Supplied information -
[Start of section]

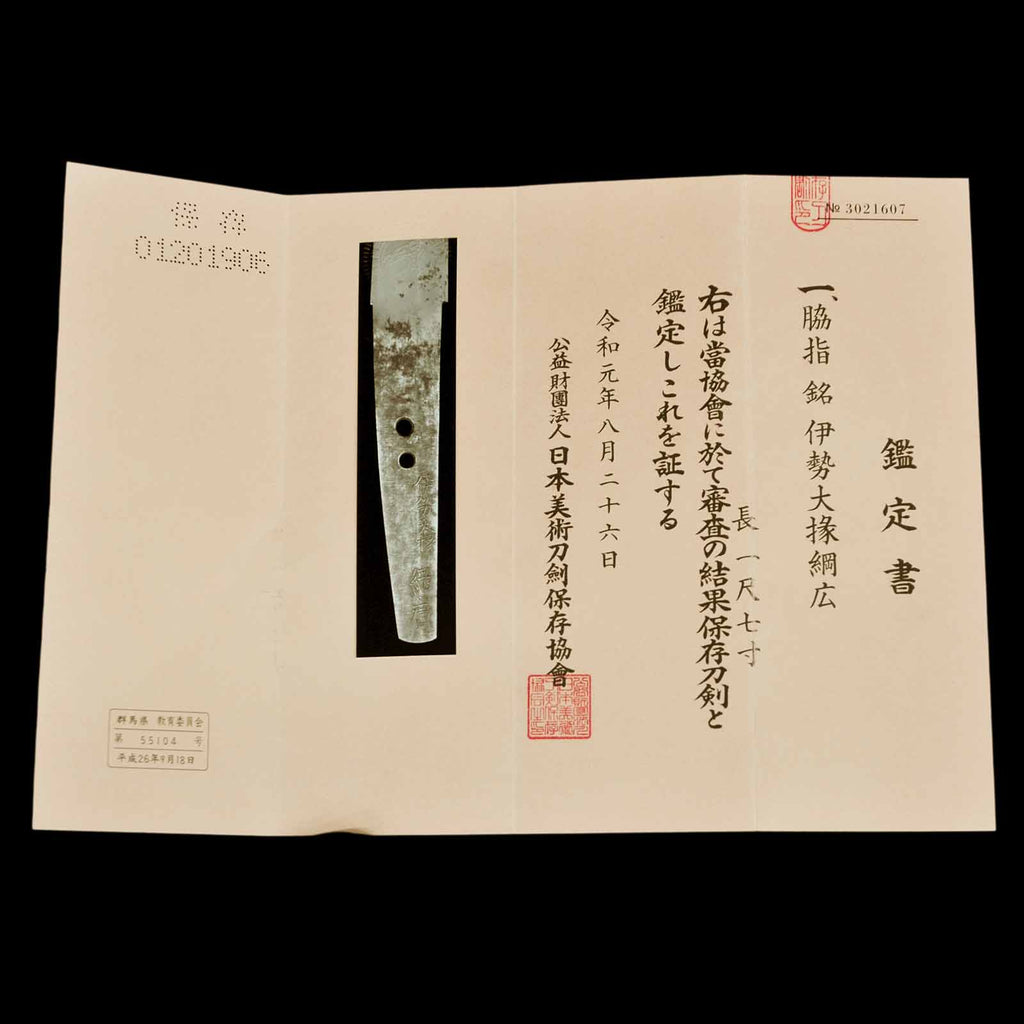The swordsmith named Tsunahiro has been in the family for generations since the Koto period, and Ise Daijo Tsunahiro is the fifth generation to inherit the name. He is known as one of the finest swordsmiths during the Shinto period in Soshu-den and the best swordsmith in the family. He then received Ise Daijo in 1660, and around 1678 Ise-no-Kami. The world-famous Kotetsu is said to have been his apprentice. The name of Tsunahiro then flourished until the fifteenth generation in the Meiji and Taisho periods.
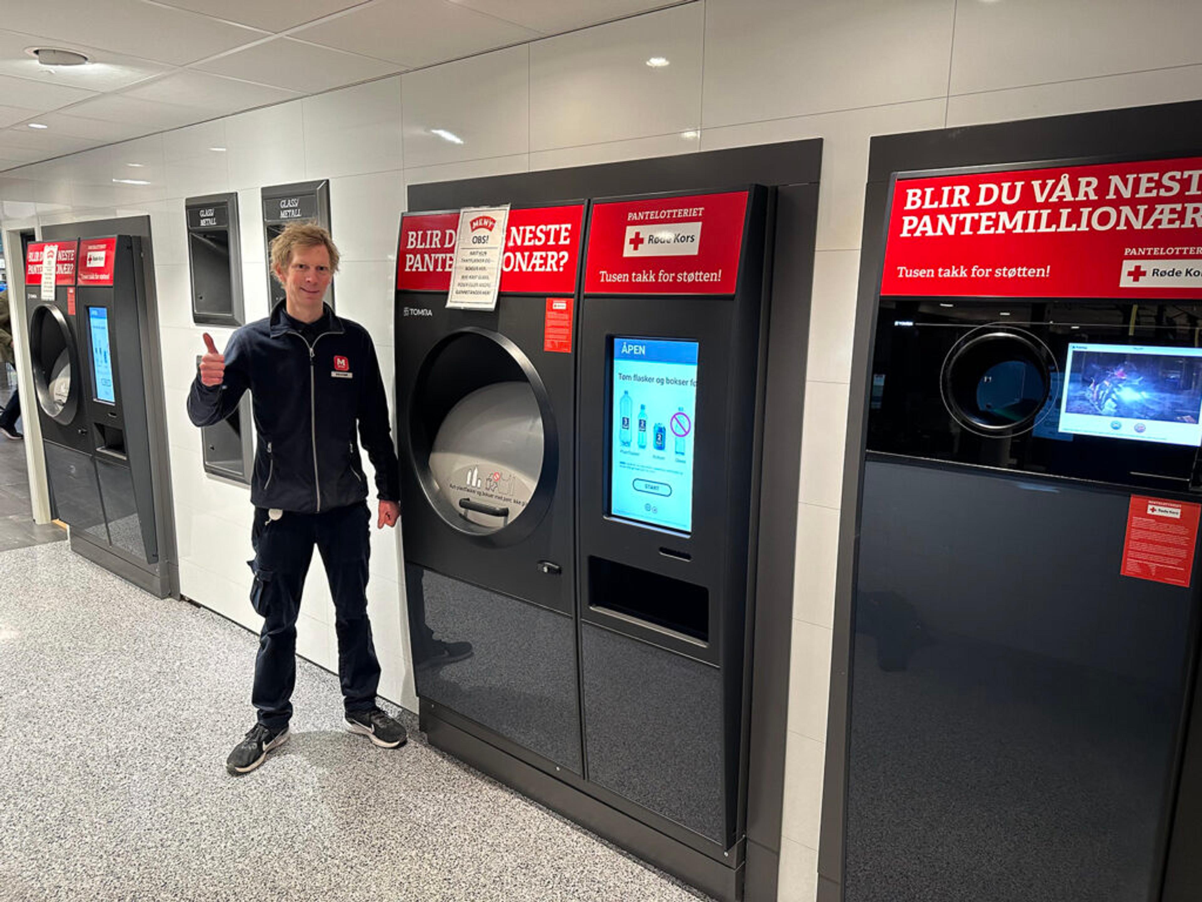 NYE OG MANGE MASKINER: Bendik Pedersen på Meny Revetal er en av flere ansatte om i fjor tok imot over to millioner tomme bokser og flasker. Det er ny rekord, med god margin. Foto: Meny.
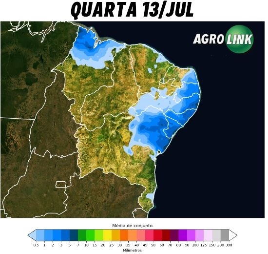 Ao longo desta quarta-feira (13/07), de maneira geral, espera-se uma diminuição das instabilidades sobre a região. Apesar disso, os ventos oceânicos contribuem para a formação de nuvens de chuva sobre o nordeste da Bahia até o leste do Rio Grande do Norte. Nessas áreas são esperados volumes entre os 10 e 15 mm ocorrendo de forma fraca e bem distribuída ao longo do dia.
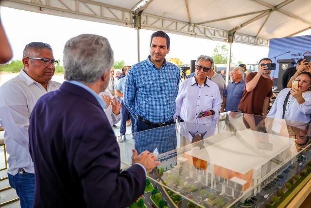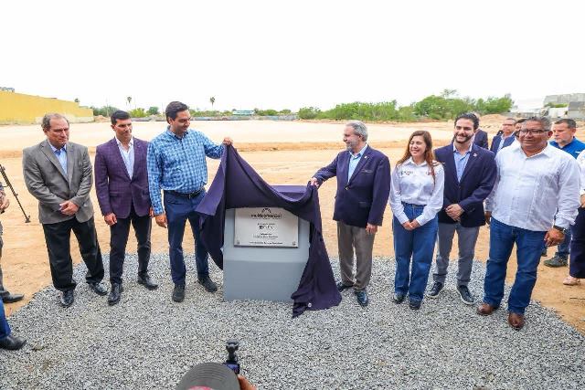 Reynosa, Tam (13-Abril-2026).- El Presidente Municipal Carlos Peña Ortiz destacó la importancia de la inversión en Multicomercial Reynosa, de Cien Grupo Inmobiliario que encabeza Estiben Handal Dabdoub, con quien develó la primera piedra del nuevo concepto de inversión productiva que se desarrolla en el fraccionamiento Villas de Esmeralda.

[End of section]

Problem to solve -
Leaving the pictures aside, transcribe the entire listing exactly.

Answer to this problem -
The swordsmith named Tsunahiro has been in the family for generations since the Koto period, and Ise Daijo Tsunahiro is the fifth generation to inherit the name. He is known as one of the finest swordsmiths during the Shinto period in Soshu-den and the best swordsmith in the family. He then received Ise Daijo in 1660, and around 1678 Ise-no-Kami. The world-famous Kotetsu is said to have been his apprentice. The name of Tsunahiro then flourished until the fifteenth generation in the Meiji and Taisho periods.
 NYE OG MANGE MASKINER: Bendik Pedersen på Meny Revetal er en av flere ansatte om i fjor tok imot over to millioner tomme bokser og flasker. Det er ny rekord, med god margin. Foto: Meny.
 Ao longo desta quarta-feira (13/07), de maneira geral, espera-se uma diminuição das instabilidades sobre a região. Apesar disso, os ventos oceânicos contribuem para a formação de nuvens de chuva sobre o nordeste da Bahia até o leste do Rio Grande do Norte. Nessas áreas são esperados volumes entre os 10 e 15 mm ocorrendo de forma fraca e bem distribuída ao longo do dia.
 Reynosa, Tam (13-Abril-2026).- El Presidente Municipal Carlos Peña Ortiz destacó la importancia de la inversión en Multicomercial Reynosa, de Cien Grupo Inmobiliario que encabeza Estiben Handal Dabdoub, con quien develó la primera piedra del nuevo concepto de inversión productiva que se desarrolla en el fraccionamiento Villas de Esmeralda.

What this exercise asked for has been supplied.